Decoding FDA’s Ranbaxy inspections

The inspectors discovered inadequate laboratory facilities and incomplete records

January 29, 2014 09:00 am | Updated November 16, 2021 08:46 pm IST - Washington:

Last week-end, numerous reports in the media emerged that attempted to interpret the findings of the U.S. Food and Drug Administration in its inspections of the manufacturing facilities of India-based generic pharmaceuticals giant Ranbaxy, located in Toansa, Punjab.

Many of these reports, including wire service accounts that were widely published, focussed on the FDA’s Form 483 inspection finding that “Too Numerous To Count (TNTC)” flies were found in a sample storage room, and there was inadequate control over samples and non-adherence of procedures in sample analysis.

Yet, what is evident from a closer reading of the full Form 483, which The Hindu obtained via a Freedom of Information Act request from the FDA, is that the bulk of the report was, in fact, about what could be interpreted as deliberate falsification of data, rather than any involuntary slip-ups in adhering to current Good Manufacturing Practices (cGMP).

For example, ‘Observation 1’ on the first page of the report, said that the inspection, carried out during January 5-11, 2014, discovered that “finished API [Active Pharmaceutical Ingredient] analytical results found to be failing specifications or otherwise suspect are retested until acceptable results are obtained [and] failing or otherwise suspect results are not reported”.

In the same page, the FDA inspectors noted that this “practice of overwriting electronic raw data files for ongoing sample sequences until acceptable results are achieved,” occurred so many times during the review of five months worth of data that the number of such cases of falsification “could not be quantified during our inspection due to the large amount of data.”

The following four or five pages of the 11-page report comprise detailed examples of specific instances of data falsification, typically involving Ranbaxy personnel over-writing the results of various drug tests recorded electronically on an earlier date.

The second key observation made on page six of the inspectors’ report was that “samples were not analysed according to established laboratory test method procedures,” under which the FDA again found numerous results not reported, and a lack of written procedures and documentation of test results.

Additional observations made during the inspections include “Appropriate controls are not established over computerised systems,” “records are not completed contemporaneously,” the latter suggesting that Ranbaxy analysts and other personnel were “back-dating” testing records or log books.

Under the fifth observation made by the inspectors, that “Laboratory samples are not adequately controlled to prevent mix-ups,” the report seemed to hint at deliberate attempts made to avoid detection of any drug or test quality issues.

The Food and Drug Administration report notes under this observation that despite the inspectors’ request on a previous day for the Ranbaxy personnel to retain two vials in the “QC analytical laboratory, “Upon return to the laboratory… we found that these two vials had been discarded [and] during the course of our inspection the identity/fate of these… vials could not be determined.”

The final three observations, bringing the total of what appear to be serious deviations from cGMP to eight, “the FDA inspectors discovered inadequate laboratory facilities, incomplete records on the maintenance of manufacturing equipment and inappropriately calibrated analytical instruments.”

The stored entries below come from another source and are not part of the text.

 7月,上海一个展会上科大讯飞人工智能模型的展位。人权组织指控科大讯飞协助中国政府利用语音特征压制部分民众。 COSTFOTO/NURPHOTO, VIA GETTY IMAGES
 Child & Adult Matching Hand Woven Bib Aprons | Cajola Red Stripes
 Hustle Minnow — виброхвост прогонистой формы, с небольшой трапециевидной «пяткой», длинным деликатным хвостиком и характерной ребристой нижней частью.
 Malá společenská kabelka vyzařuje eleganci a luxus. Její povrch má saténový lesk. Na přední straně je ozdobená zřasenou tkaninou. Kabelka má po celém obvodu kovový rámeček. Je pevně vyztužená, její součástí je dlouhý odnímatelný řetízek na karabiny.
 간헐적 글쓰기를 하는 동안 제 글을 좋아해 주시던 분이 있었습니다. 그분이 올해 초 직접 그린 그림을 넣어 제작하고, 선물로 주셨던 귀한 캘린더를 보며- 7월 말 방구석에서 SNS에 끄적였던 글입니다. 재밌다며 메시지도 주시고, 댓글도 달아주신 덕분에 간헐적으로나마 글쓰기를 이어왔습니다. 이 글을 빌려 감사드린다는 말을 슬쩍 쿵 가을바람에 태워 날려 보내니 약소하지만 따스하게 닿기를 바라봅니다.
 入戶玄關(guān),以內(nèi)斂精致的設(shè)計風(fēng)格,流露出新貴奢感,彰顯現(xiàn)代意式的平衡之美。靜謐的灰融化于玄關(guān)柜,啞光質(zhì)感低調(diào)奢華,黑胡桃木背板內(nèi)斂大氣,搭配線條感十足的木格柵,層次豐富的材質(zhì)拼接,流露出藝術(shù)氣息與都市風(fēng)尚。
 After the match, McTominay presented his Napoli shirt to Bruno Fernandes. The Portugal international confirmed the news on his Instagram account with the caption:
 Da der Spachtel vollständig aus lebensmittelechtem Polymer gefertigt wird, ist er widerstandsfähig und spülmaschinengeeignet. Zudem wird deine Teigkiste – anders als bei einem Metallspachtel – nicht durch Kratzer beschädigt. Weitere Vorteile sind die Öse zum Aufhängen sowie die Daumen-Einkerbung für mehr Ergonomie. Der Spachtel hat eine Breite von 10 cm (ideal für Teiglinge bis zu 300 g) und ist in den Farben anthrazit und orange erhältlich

The latest action taken by the FDA to halt all imports into the U.S. from Ranbaxy’s Toansa facility comes in the wake of the company being fined $500 million last May for seven felony charges relating to manufacturing fraud, to which the firm pled guilty.

While two Ranbaxy facilities, in Paonta Sahib, Himachal Pradesh and Dewas, Madhya Pradesh, had faced import restrictions and curtailment by the FDA prior to that settlement, a third facility, in Mohali, Punjab, was hit with a similar import alert last September when the FDA found tablets with embedded with a black fibre that could have been a hair from an employee’s arm or tape fragments.

The founders of the firm, Malvinder and Shivinder Singh sold Ranbaxy to Japanese Daiichi-Sankyo in 2008 for about $4.6 billion, though the FDA’s investigation suggests that the company acknowledged violations of cGMP regulations with regard to a U.S.-distributed drug Sotret, in 2003.

The subsequent case against the firm brought by the U.S. Department of Justice was built on a large trove of evidence collected by whistleblower and former Ranbaxy Director Dinesh Thakur.